5. Hardware Design of RDP-CORDIC Algorithm

The main hardware structures for implementing the CORDIC algorithm are loop iterative structures and pipelined iterative structures. The loop iterative structure is simple in design and consumes less hardware, but the computation speed slows down as the accuracy increases. The pipelined iterative structure is more complex and consumes more hardware, but the computation speed is much higher. For edge computing devices used in smart grid cyber-physical systems, the faster pipelined iterative structure is more suitable.

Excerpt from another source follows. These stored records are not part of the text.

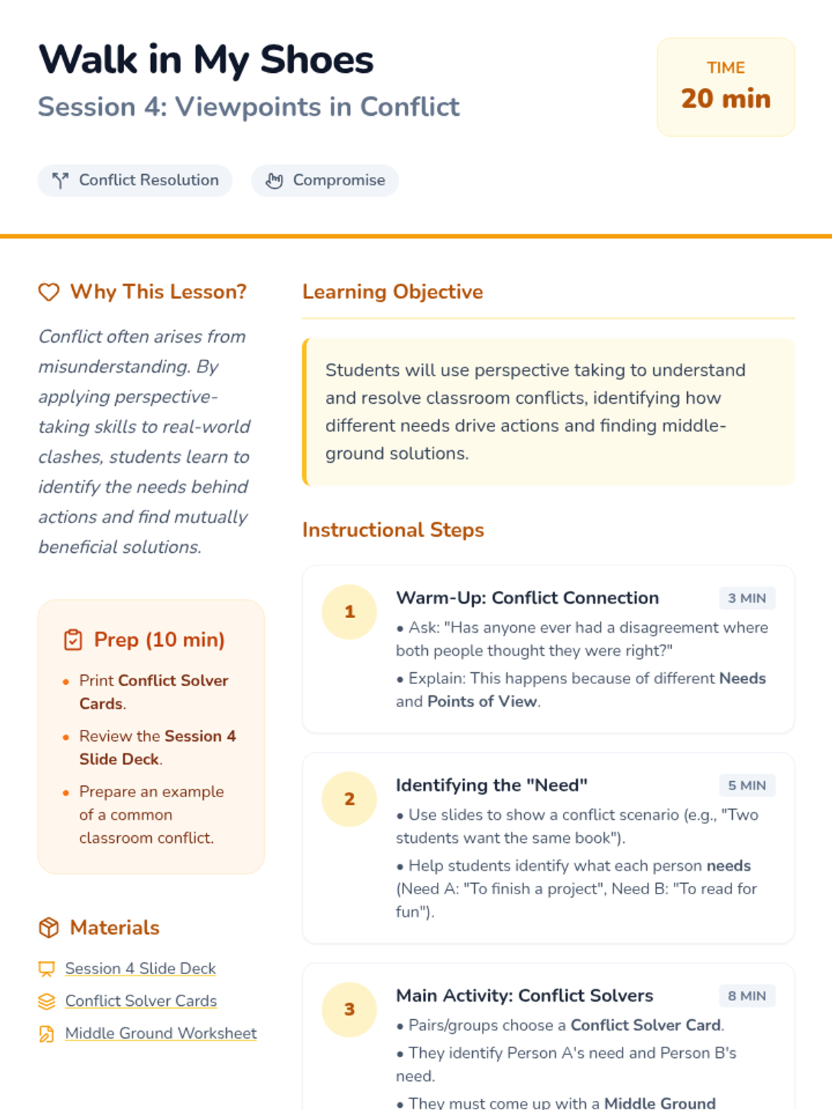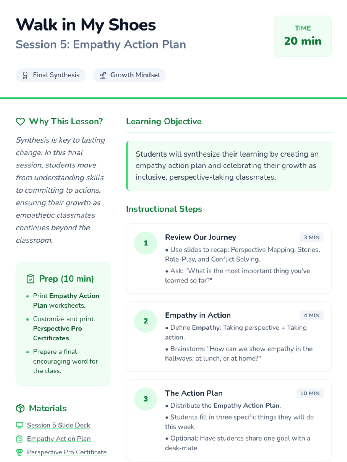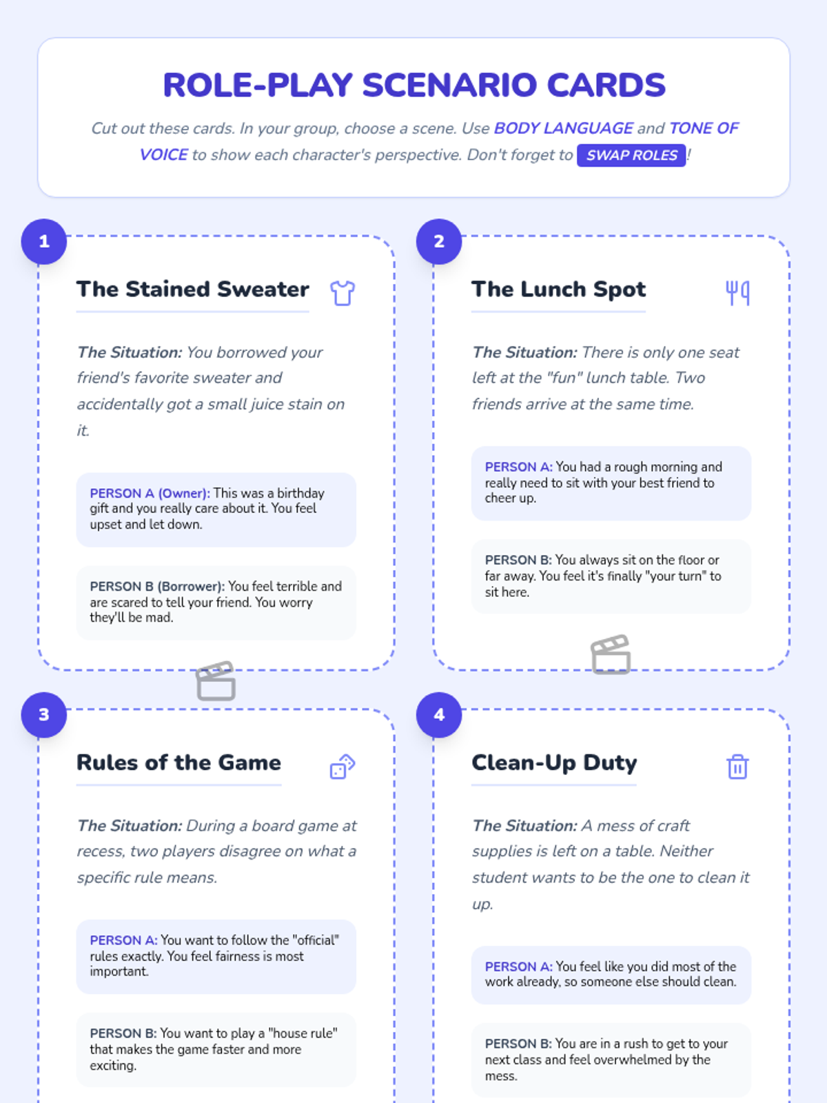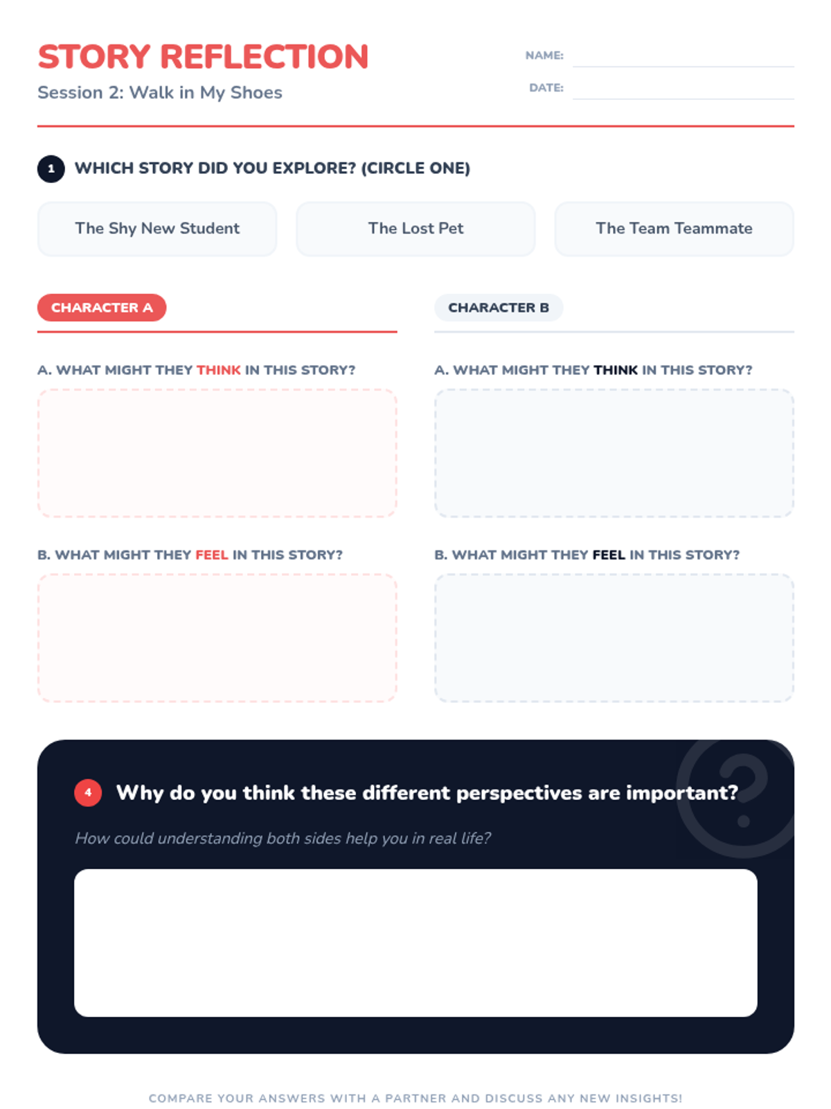 A 5-session social-emotional learning series for 4th graders focused on developing perspective-taking skills and empathy through stories, games, and role-play.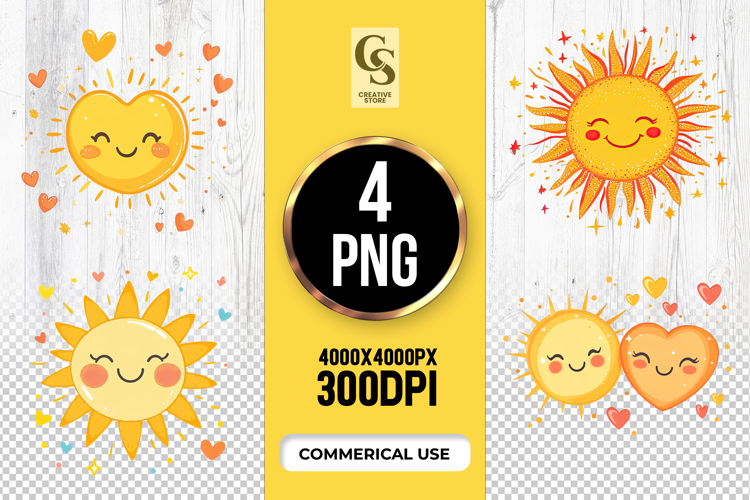 4 Cute Smiling Sun Clipart Sublimation PNG Files Perfect for Greeting Cards, Invitations, Junk Journal, Party Decor, Scrapbooking and many other craft projects.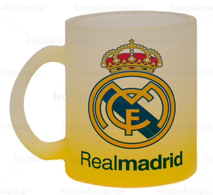 Real Madrid CF, Κούπα γυάλινη δίχρωμη με βάση το κίτρινο ματ, 330ml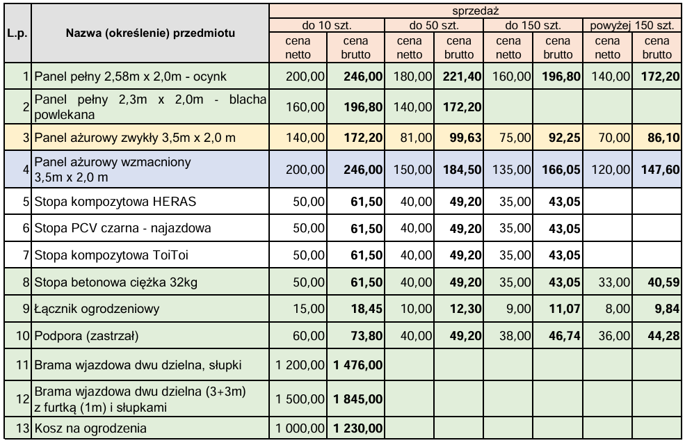Aktualne ceny sprzedaży poniżej:

5.1. RDP-CORDIC Algorithm Structure Design

The pipeline structures of the classical optimized CORDIC algorithm and the RDP-CORDIC algorithm are shown in (a) and (b) of Figure 4, respectively. The direction of each rotation of the classical optimized CORDIC algorithm depends on the sign of the remaining angle θn, and the result needs to be iteratively calculated in a [(N − 1)/2] stage pipeline method. The structure of RDP-CORDIC algorithm consists of two parts: the direction prediction part on the left side and the rotation iteration on the right side. The direction prediction module calculates all micro-rotation directions in advance, while the rotation iteration part transforms the single-stage iterative structure into a three-stage and multi-stage iterative structure since all micro-rotation directions are known. The new structure cut off part of hardware overhead and latency compared to the conventional structure.
As shown below, the workflow of the RDP-CORDIC algorithm consists of three steps (Algorithm 1).
Algorithm 1 RDP-CORDIC workflow
1. Directional rough prediction
 (1) Pre-store the direction prediction constants θcp, λs, and μi in a ROM of size 2[(N − (log2(3/20) − 3)/5] bits;
 (2) Use the MSB of the input angle θ as the lookup address of the ROM for reading out θcp;
 (3) Send the sign bit of the value of the input angle θ minus θcp to the selection input port of the multiplexer, and the multiplexer outputs the corresponding value of λs;
 (4) Add up λs, θ, and 0.5 − 0.5ε to get the rough rotation direction prediction value dap.
2. Accurate direction prediction
 (1) Shift and sum up the rough rotation direction prediction ds+1~dm with μs according to Equation (14) to calculate the compensation value λc.
 (2) Calculate the exact direction prediction value dθ by re-summing λ, θ and 0.5 − 0.5ε.
3. Iteration calculation
 (1) In the iterative calculation part uses multiple three-level merge iteration modules and one multi-level merge iteration module;
 (2) Set the input values of the iterative calculation module as x1 = K and y1 = 0;
 (3) The rotation directions d1~d3s−1 are determined by the rough direction value dap, and the rotation directions d3s~dn are determined by the accurate direction value dθ.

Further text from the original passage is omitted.